Page MenuHomePhabricator

Special:Import cannot import characters like ä, á, ...
Closed, DeclinedPublic

Description

Author: friedrich.gelbard

Description:
If you export a German page like http://de.wikipedia.org/wiki/Haus and reimport
the page into mediawiki the charcters like ä,ö,ü,á,<,... cause an import failure.

Conclusion how can you imoprt an exported page with these chacters?


Version: 1.9.x
Severity: normal
OS: Windows XP
Platform: PC

Details

Reference
bz9906

Event Timeline

bzimport raised the priority of this task from to Medium.Nov 21 2014, 9:41 PM
bzimport set Reference to bz9906.
bzimport added a subscriber: Unknown Object (MLST).

Please provide very detailed steps to reproduce the problem, as this has always
worked correctly for us.

friedrich.gelbard wrote:

Thanks for the hint, which brought me to an idea.

The Bug is as follows:

We have a Linux SuSE 10.2 server where MediaWiki 1.9.2 is installed. If you use Linux clients for import and export everything works fine.

We made the mistake and used a WindowsXP SP2 client for import and export.
The export of Wiki pages works fine so far but as soon as you save the exported source code of the page under Windows and reimport it into MediaWiki no conversion of the file format between Windows and Linux is made.

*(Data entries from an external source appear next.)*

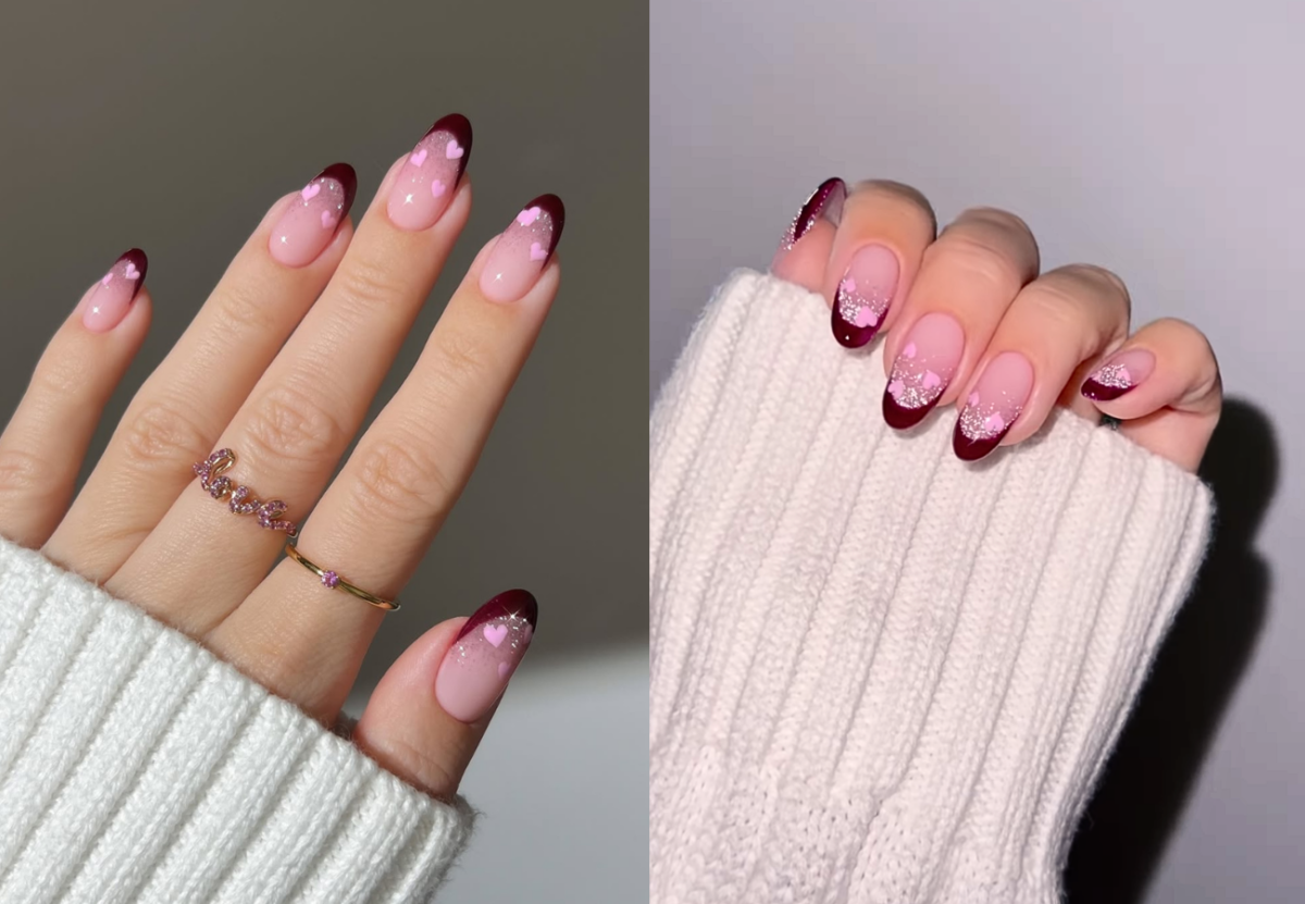 Photo from @heygreatnails via IGA mix of classy and cute! Burgundy French tips add a bold touch, while the pinkish-nude base keeps it soft and feminine. Under the tips, a layer of glitter adds sparkle, and tiny pink hearts complete the dreamy design.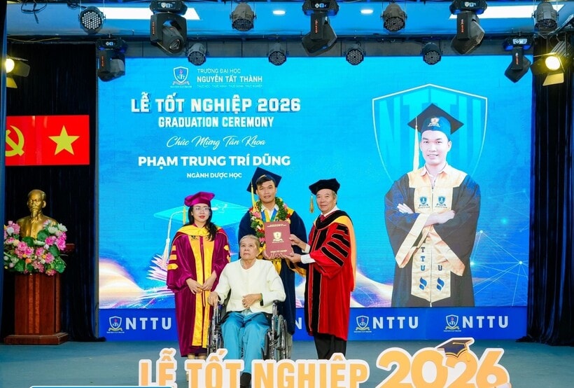 Thông tin từ Trường Đại học Nguyễn Tất Thành (TP.HCM), trong lễ tốt nghiệp mới đây của nhà trường, khi các sinh viên lần lượt bước lên bục nhận bằng, hội trường bỗng lặng đi trước một khoảnh khắc đặc biệt.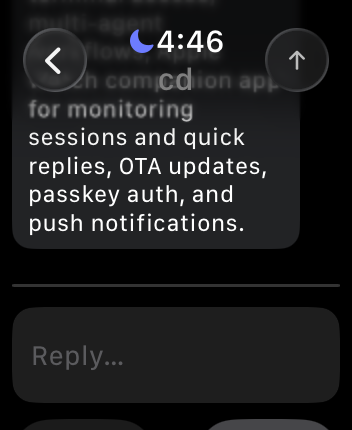 Full mobile support with biometric auth and push notifications. Shell sessions allow interactive keyboard input on mobile (SSH-like). Sub-session preview cards always show latest messages. Toast notifications navigate directly to the relevant session. Apple Watch support adds quick session monitoring, unread counts, and quick replies from the wrist.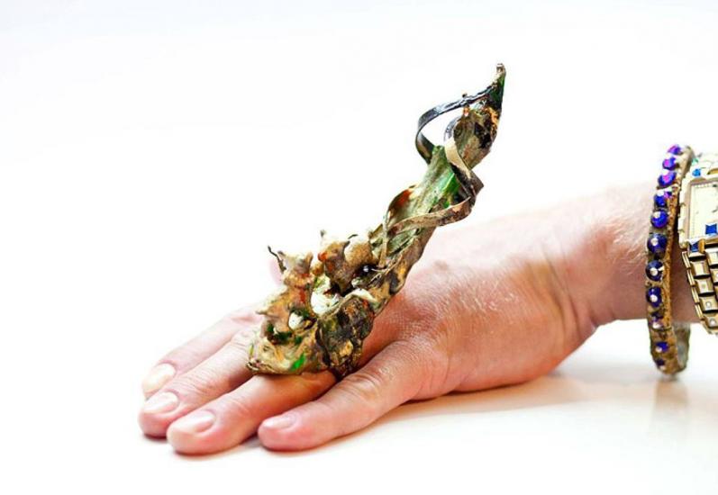 - Обожаю все, правда. Я даже своим клиентам завидую. Жалко отдавать работы... Но больше всего, наверное, я намудрил с кольцом для Джека Воробья (для Джонни Деппа. - Ред).Там был мореный дуб, серебро, золотые нити, ракушки, изумруды, сургуч, канат… Чтобы достичь желаемого результата, пришлось даже жечь дуб. С какой целью? Трактовать процесс создания невозможно. Меня же в детстве молния ударила! Наверное, это оттуда (смеется).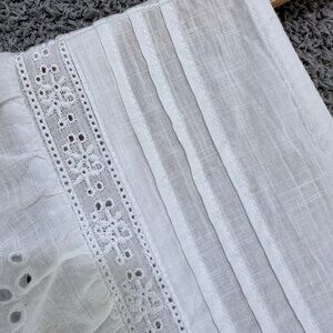 This top has really beautiful construction! Breathable, airy slub cotton weave. Eyelet embroidered flutter cap sleeves. Pintuck detailing at V-neck and V-back. Shirring at front and back yoke seam adds fullness throughout. Delicate lace trim at neckline.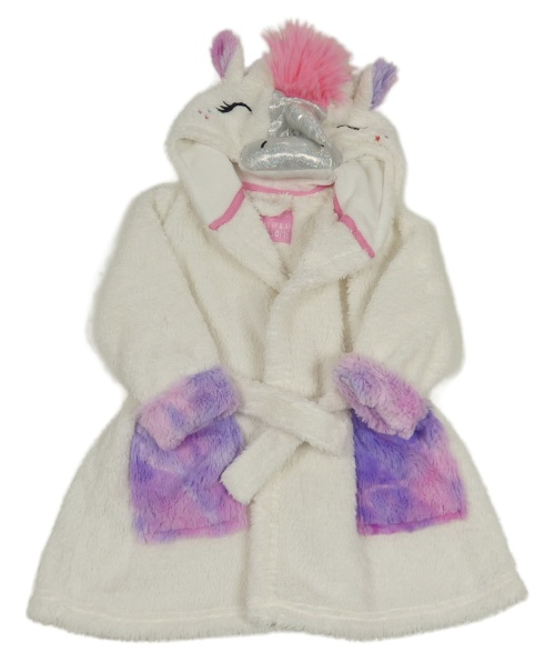 Smotanový trblietavý huňatý župan s kapucí - jednorožec Tu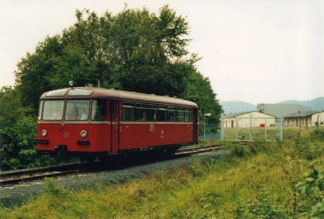 Zwischen Bad Brückenau und Wildflecken verkehrte ab dem Sommerfahrplan 1982 nur noch ein Alibizugpaar. Aus Platzgründen musste der Schienenbus (798 729-0 und 998 859-3) am 04.08.1987 seine einstündige Pause im Militärverladebahnhof von Wildflecken verbringen.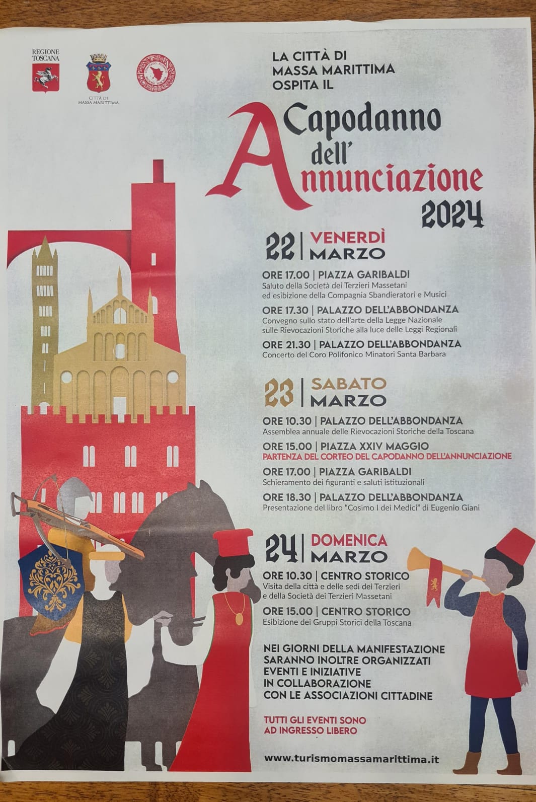 Il 25 marzo, Capodanno dell’Annunciazione, è la data nella quale fino al 1749 in Toscana si faceva iniziare il nuovo anno. Per ricordare questa storica data migliaia di figuranti in costume storico, provenienti da tutta la nostra regione, confluiranno a Massa Marittima nel weekend immediatamente precedente, trasformando di fatto la città nella capitale della rievocazione storica d’Italia. Nelle piazze della città si terranno presentazioni delle principali discipline legate alle manifestazioni storiche: dimostrazioni di sbandieratori e arcieri, danze rinascimentali e, naturalmente, balestrieri. Molti anche i momenti di approfondimento storico-culturale.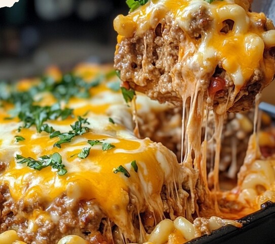 Assemble the Casserole: Spread the cooked macaroni and cheese sauce over the baked meatloaf. Drizzle the remaining ketchup and BBQ sauce on top, then sprinkle the remaining shredded cheese.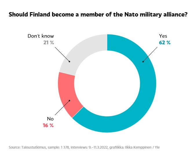 핀란드에서는 핀란드경제정책포럼(Eva)이라는 싱크탱크가 지난달말 실시한 여론조사에서 응답자의 60%가 나토 가입에 찬성하고 19%가 반대한다는 결과가 나왔고 핀란드 공영방송 YLE이 별개로 벌인 여론조사에서도 응답자의 62%가 나토 가입을 지지하는 것으로 나타나는 등 나토 가입 추진에 유리한 여론이 빠르게 확산되고 있다.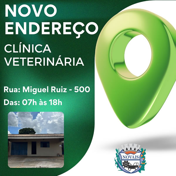 A clínica veterinária agora se encontra em novo endereço: na rua Miguel Ruiz, 500. O atendimento é das 07h00 às 18h00.
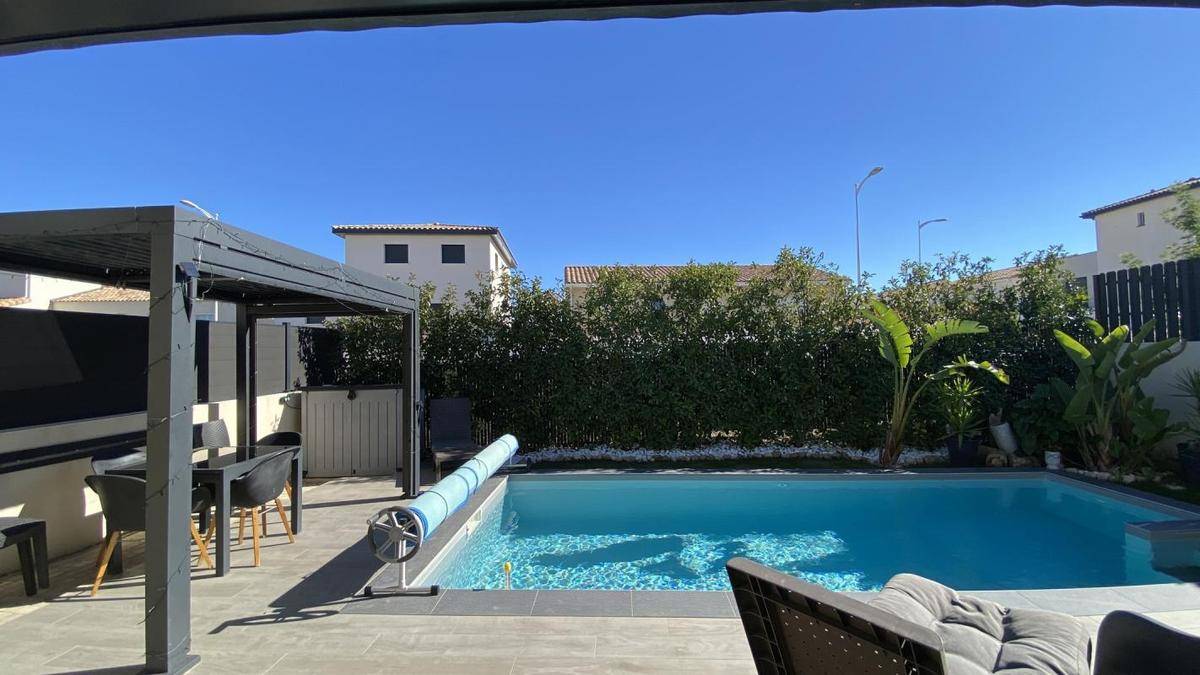 Inter-agence bienvenue !Yves Le Goc – 06*84*40*38*08Villa contemporaine avec piscine – Nissan-lez-Enserune (34440)À seulement 10 min de Béziers et 20 min des plagesVous rêvez d’une maison récente, lumineuse et sans travaux ?Cette villa de plain-pied de 2022 vous séduira par son confort moderne, son environnement calme et sa proximité immédiate des commodités.Implantée sur un terrain joliment arboré de 300 m² avec pelouse et arrosage automatique, cette maison non mitoyenne offre 95 m² habitables parfaitement agencés.L’espace de vie, baigné de soleil, s’ouvre grâce à une baie vitrée à galandage de 4 m sur la terrasse et la piscine au sel (6,60 × 3 m) équipée d’une bâche à bulles et d’une bâche d’hiver.À l’extérieur, une élégante pergola bioclimatique prolonge vos moments de détente autour du bassin.Côté nuit, trois chambres avec placards (10 m², 10,80 m², 11,30 m²) dont une suite parentale avec douche à l’italienne et lavabo.La seconde salle d’eau offre un bel espace avec baignoire d’angle, grande douche à l’italienne et double vasque, complétée par un WC indépendant.Dans le garage, des combles aménagés offrent un rangement supplémentaire.Le tout est équipé pour un confort optimal : climatisation réversible, ballon thermodynamique, excellente isolation thermique, volets roulants et porte de garage motorisés.Bien sûr, la maison bénéficie toujours de sa garantie décennale.Une villa récente, élégante et clé en main, parfaite pour une famille ou un couple recherchant le calme sans renoncer à la proximité de Béziers et des plages.Contactez-nous dès aujourd’hui pour une visite — ce type de bien se fait rare à Nissan-lez-Ensérune !Yves Le Goc – 06*84*40*38*08(Email supprimé)Conseiller en immobilier – EI (sans détention de fonds) immatriculé au RSAC de Béziers sous le numéro 800456600, titulaire de l’attestation collaborateur pour le compte de KW OxygènePrix : 327000 €. Les honoraires sont à la charge du vendeur.Référence 6954DPE A – GES ALes informations sur les risques auxquels ce bien est exposé sont disponibles sur le site Géorisques : www.georisques.gouv.fr.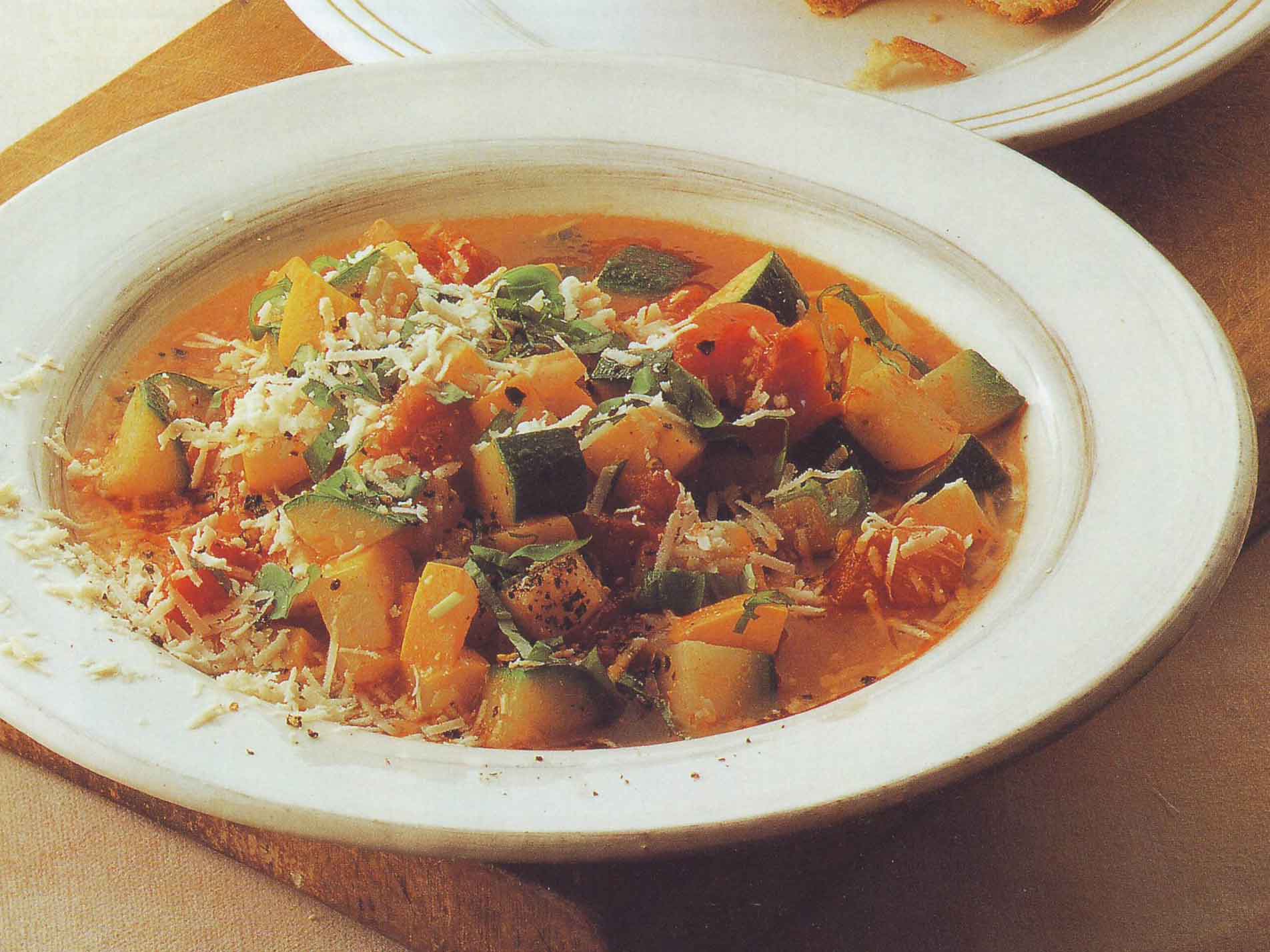 Zagrejte ulje u velikom tiganju, dodajte crni luk i propržite lagano dok ne omekša, oko 5 minuta, mešajući povremeno. Dodajte pastu sušenog paradajza, seckani paradajz, tikvice, seckani krompir i beli luk.Promešajte dobro i kuvajte još 10 minuta, bez poklapanja drmusajući tiganj s vremena na vreme da se povrće ne zalepi za dno.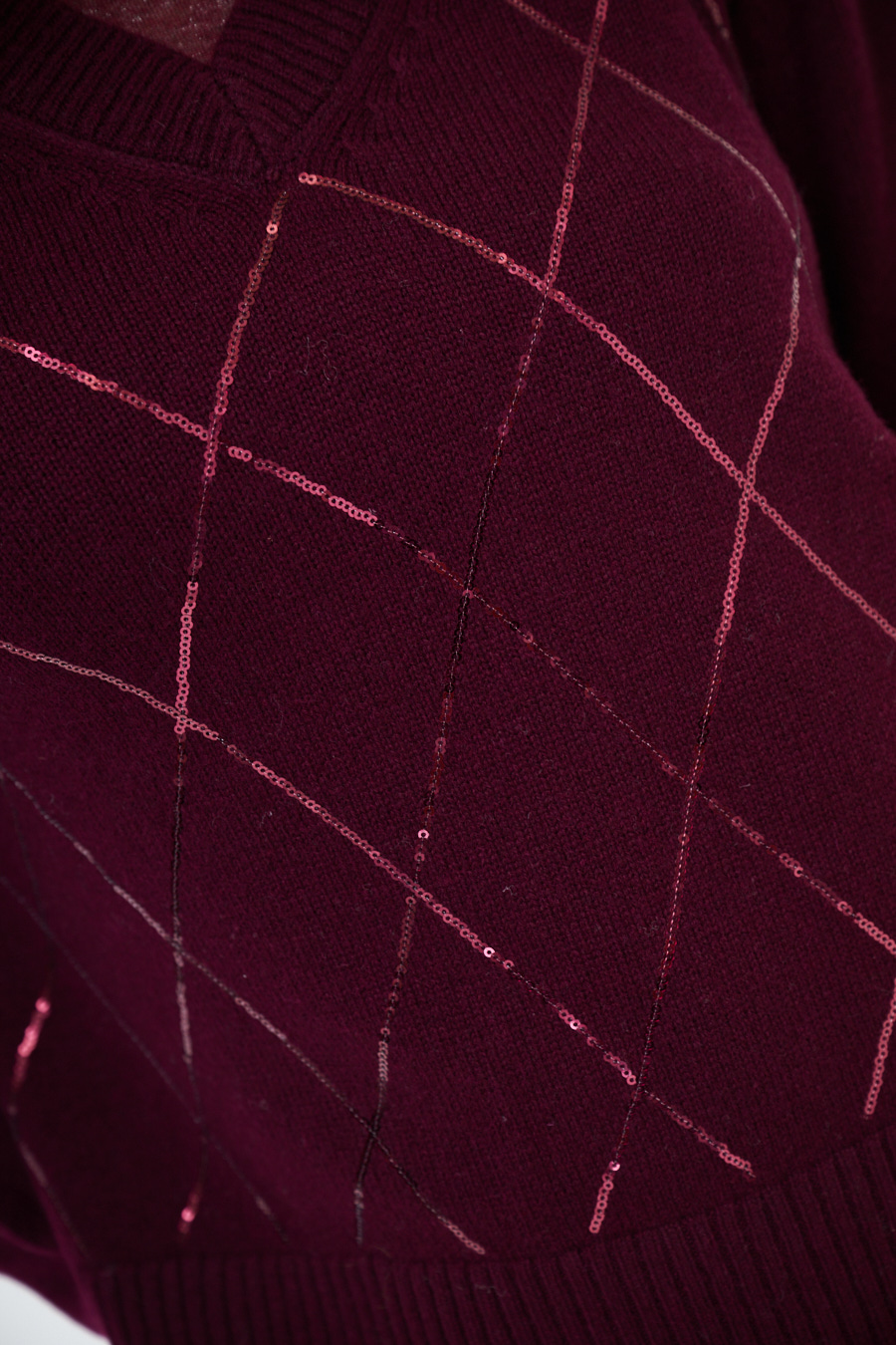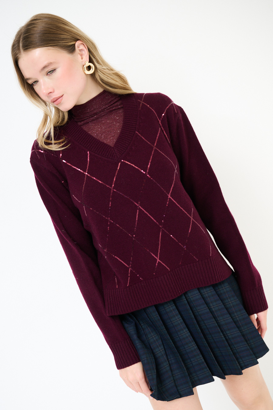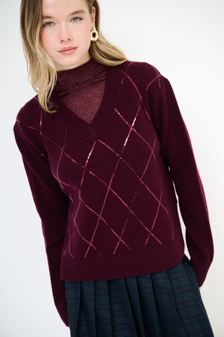 MAGLIA SCOLLO V ROMBI PAILLETTES VINO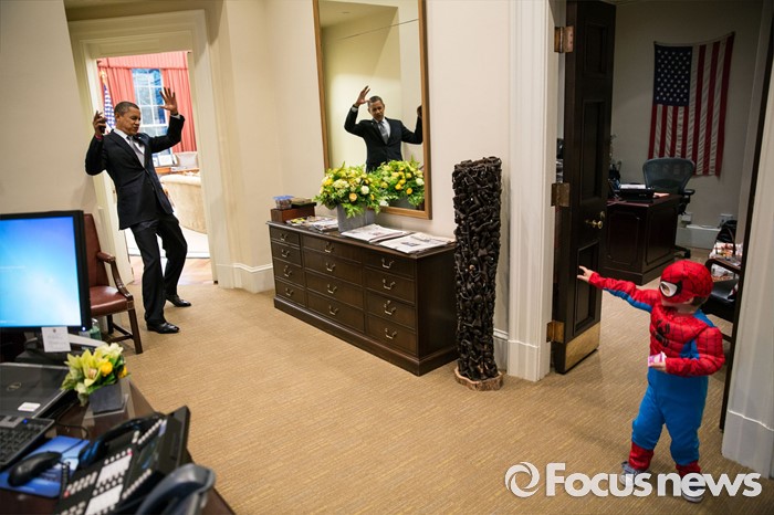 (서울=포커스뉴스) 2012년 스파이더맨 복장을 한 소년이 버락 오바마 대통령을 향해서 총을 쏘는 듯한 모습을 취하고 있으며 오바마는 두 손을 들며 항복을 표시하고 있다. 아이는 백악관에 근무하는 직원의 아들이라고 백악관은 밝혔다. <사진출처=백악관 공식홈페이지 갈무리>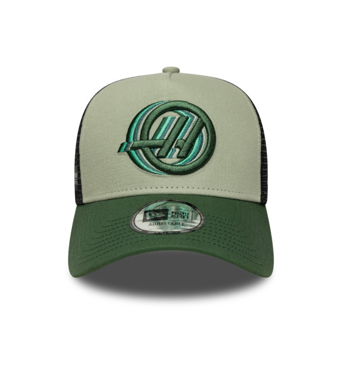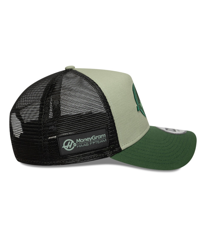 Casquette 9FORTY A-Frame Trucker MoneyGram Haas F1 Vert foncé, Logo MoneyGram Hass F1 sur le devant, Patch MoneyGram Haas Formula 1 à droite, New Era Flag brodé à gauche, Couronne structurée A-Frame, Snapback, Visière courbée vert foncé, Sous-visière vert foncé, Mesh sur les côtés et à l’arrière, 50 % coton, 50 % polyester

At least a warning should be issued saying: "You use a different operating system - file format may not be compatible."

Thanks for your help

No such restriction exists. Please do the following:

  1. provide an exact description of how you performed these saves
  1. provide a sample of a damaged file

friedrich.gelbard wrote:

Import this file into a mediawiki and you'll get an import failure

  1. Export a Wikipedia page
  2. Copy and paste the resulting xml code into an editor under Windows (You'll get a Dos/Windows ANSI textfile)
  3. And import this manually created file into a Mediawiki. You'll get an import failure.

If you save the file directly from the web browser the import works. (You'll get a UNIX ANSI as UFT-8 textfile)

Attached:

robchur wrote:

Well, when working with UTF-8, use an editor capable of dealing with it, or the browser's "Save As XML" (or similar) option. Even IE gets this right...

If used correctly and by means of suitable browsers, this seems to work; I'm chaning it to WORKSFORME.